Second, the use of the urgency score may vary from institution to institution. Although some may use the score itself to triage, others may use it as a monitoring tool to assess if implicit triage is appropriate. Nonetheless, given the allocation of RMWT to urgency scores by the CCN and ongoing surveillance of institutional adherence to these guidelines, the urgency score provides a structured framework for wait time management.
Third, we performed a complete case analysis, assuming that the 12% of patients with missing data were missing completely at random (MCAR). In Additional file 3, we examined the characteristics of patients with complete data and those with missing data elements, and found the cohorts were reasonably matched. However, there were differences in the urgency score and wait times between the complete case cohort and those with missing data (urgency score of 4.1 for missing data versus 3.9 for complete case cohort; wait-time of 12.6 days for the missing data versus 9.7 days in the complete case cohort). In addition, it appeared that the missing data was not evenly distributed between regions. As such, we cannot rule out the possibility that the pattern of missing data is contingent on the other available observed parameters such as regional supply or on any unobserved characteristics of the patients themselves.

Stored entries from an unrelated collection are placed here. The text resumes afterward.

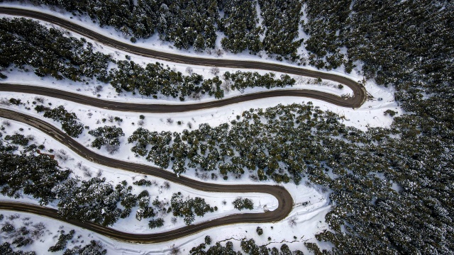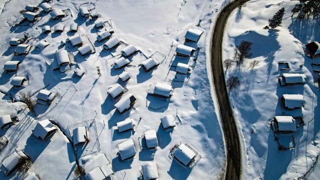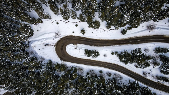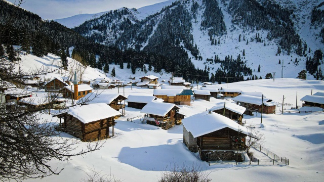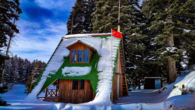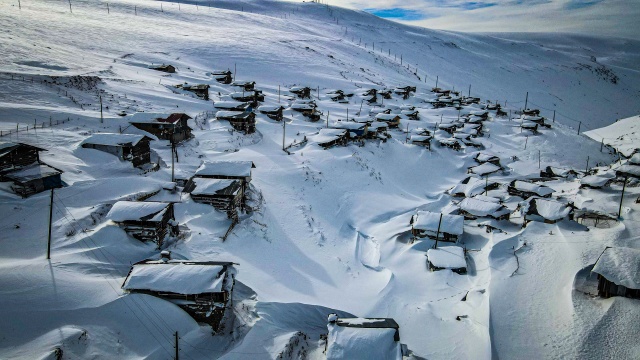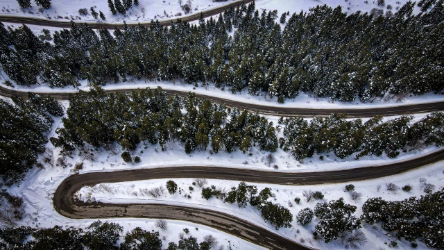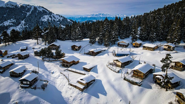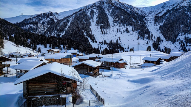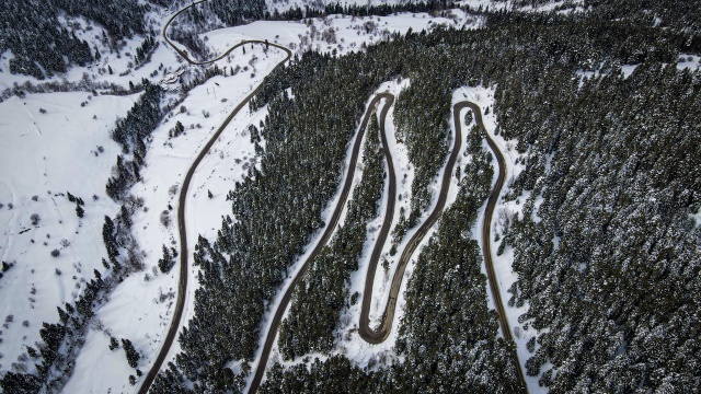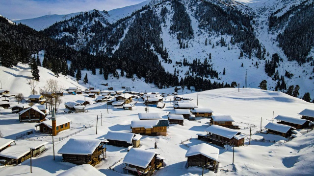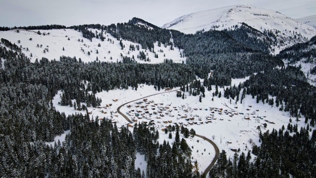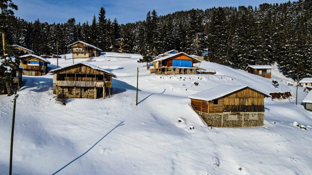 Doğal ve yaşlı ormanlar içinde yer alan ladin, sarıçam ve köknar ağaçlarının etrafına kurulan yayla evlerinin çatıları karla kaplanırken, karayolunda seyahat edenler durup, yol kenarından bol bol fotoğraf çekiyor.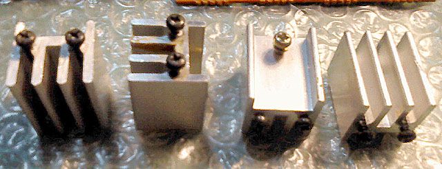 Slicna je prica i sa trimer potenciometrima za struju mirovanja i DC offset - ispostavilo se da je prakticki nemoguce naci stajace trimere s kompatibilnim rasporedom izvoda. Srecom, po ladicama su se nasli kvalitetniji stojeci trimeri s duljim izcodima, tako da su postavljeni pod 45 stupnjeva, taman da se mogu doseci stimalicom. Razlog za ovo ce postati jasan nesto kasnije, moduli se pricvrscuju direktno na sasiju a ne na hladila, i to onim famoznim 'japanskim' plasticnim tiplama, koje su, za svaki slucaj, nesto vecih dimenzija nego sto je uobicajeno. Nabavka istih se umalo pretvorila u manju dramu, da bi se na kraju pokazalo da se itekako isplati cuvati kojekakvo elektronsko 'smece' - bez njega nema sanse da bi se ovaj problem lako rijesio.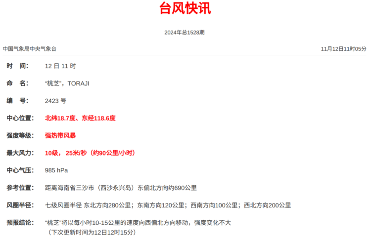 今年第23号台风“桃芝”已于11日上午在菲律宾奥罗拉省东部沿海登陆,登陆时为台风级,11日夜间由台风级减弱为强热带风暴级并移入南海东部海面 ,今日(12日)上午11时其中心位于北纬18.7度、东经118.6度,也就是海南省三沙市(西沙永兴岛)东偏北方向约690公里,中心附近最大风力10级(25米/秒)。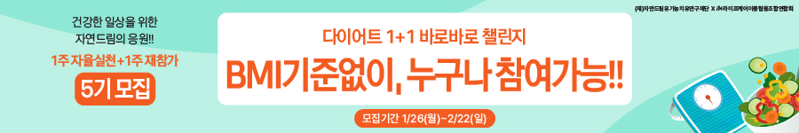 다이어트 1+1 바로바로 챌린지 참가자 모집(5기) 2026년 1월 26일(월) ~ 2월 22일(일) ■ 신청방법 및 선정안내① [ 자연드림몰 > 커뮤니티 > 다이어트(식이조절) ] 접속 ( * 회원가입/로그인 필수) ② [신청] 말머리 선택 후, ‘사연’ 작성 ③ 사연작성 후, 추가로 <신청서> 작성 · 제출해야 신청 완료 ⇒ 심사 후 선정자는 [다이어트(식이조절)] 게시판을 통해 발표, 상세 내용은 개별 연락 ■ 프로그램 개요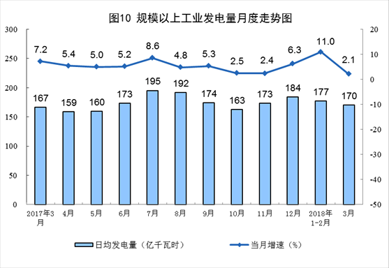 ?一季度發(fā)電1.6萬(wàn)億千瓦時(shí),發(fā)電量快速增長(zhǎng),同比增長(zhǎng)8.0%,增速比去年同期加快1.3個(gè)百分點(diǎn)。3月份,全國(guó)平均氣溫較常年同期偏高2.9℃,而去年同期氣溫接近常年,且本月較去年同期少1個(gè)工作日,受此影響,發(fā)電量增速有所回落,同比增長(zhǎng)2.1%。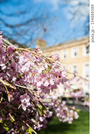 明るい日差しの下の桜に似た薄紫の小さい花と遠くに見えるレンガ造りの建物 キューガーデンにて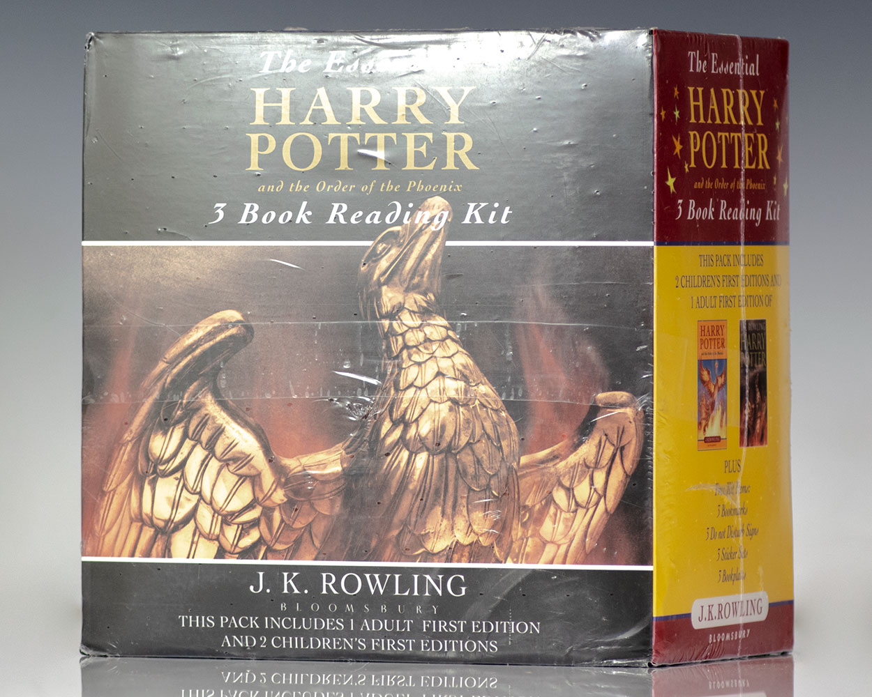 First edition of the Essential Harry Potter and the Order of the Phoenix 3 Book Reading Kit. Octavo, three volumes, housed in the original pictorial slipcase and shrink wrap. The pack includes one adult first edition and 2 children's first editions of Harry Potter and the Order of the Phoenix with 5 bookmarks, 5 Do Not Disturb Signs, 5 sticker sets, and 3 bookplates. In fine condition.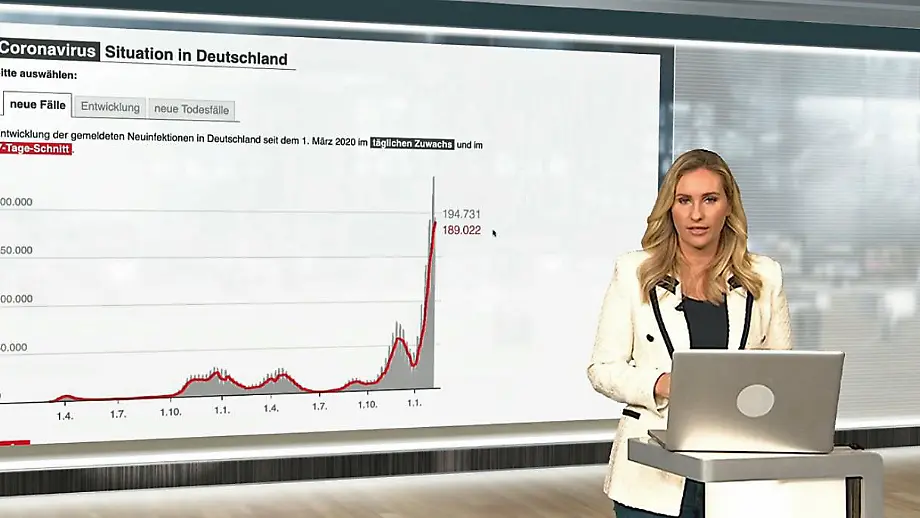 09.02.2022, 11:04 UhrWie hat sich die Zahl der täglichen Neuinfektionen entwickelt? Wie ist die Lage auf den Intensivstationen? Mit aktuellen Fakten zum Infektionsgeschehen ordnen die ntv-Moderatorinnen Anne-Katrhin Cyrus und Vivian Bahlmann zusammen mit dem Intensivmediziner Prof. Uwe Janssens die Corona-Lage in Deutschland und der Welt ein.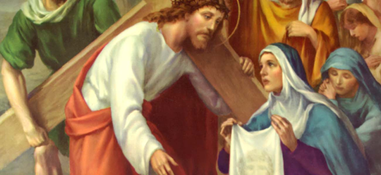 苦路上,有一个妇人,名叫物罗尼加。她看见耶稣满面汗水和血污,背着十字架蹒跚前行。她做不了什么,不能替他背负十字架,不能为他说一句辩护的话,甚至不能阻挡士兵的鞭打。她只能走上前,用自己的头巾,轻轻为祂抹去脸上的汗与血。这是一个简单的动作。但当她收回头巾时,却发现那上面印下了耶稣的面容!那份苦难、那份温柔、那份爱,从此留在这块布上,也留在她心里。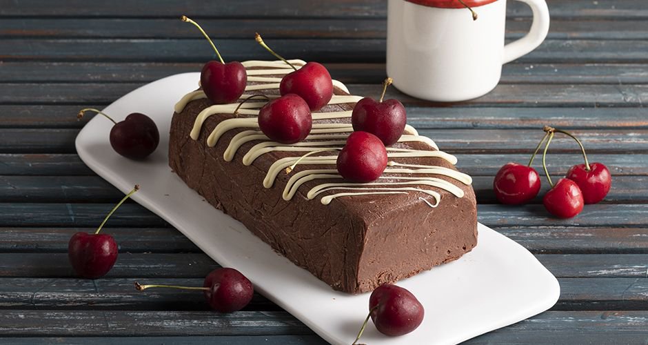 Σερβίρουμε το γλυκό με λιωμένη λευκή κουβερτούρα και φρέσκα κεράσια.

Finally, our study only addresses the differences in access to angiography of patients who have already been assessed by a physician and thereby referred for a diagnostic procedure. Arguably, a substantial burden of disease exists in the proportion of the population who has no access to physicians, and therefore never evaluated nor referred. Therefore, it is likely that the impact of supply measures on regional access disparities, especially that of GP supply, is in fact greater than we have described.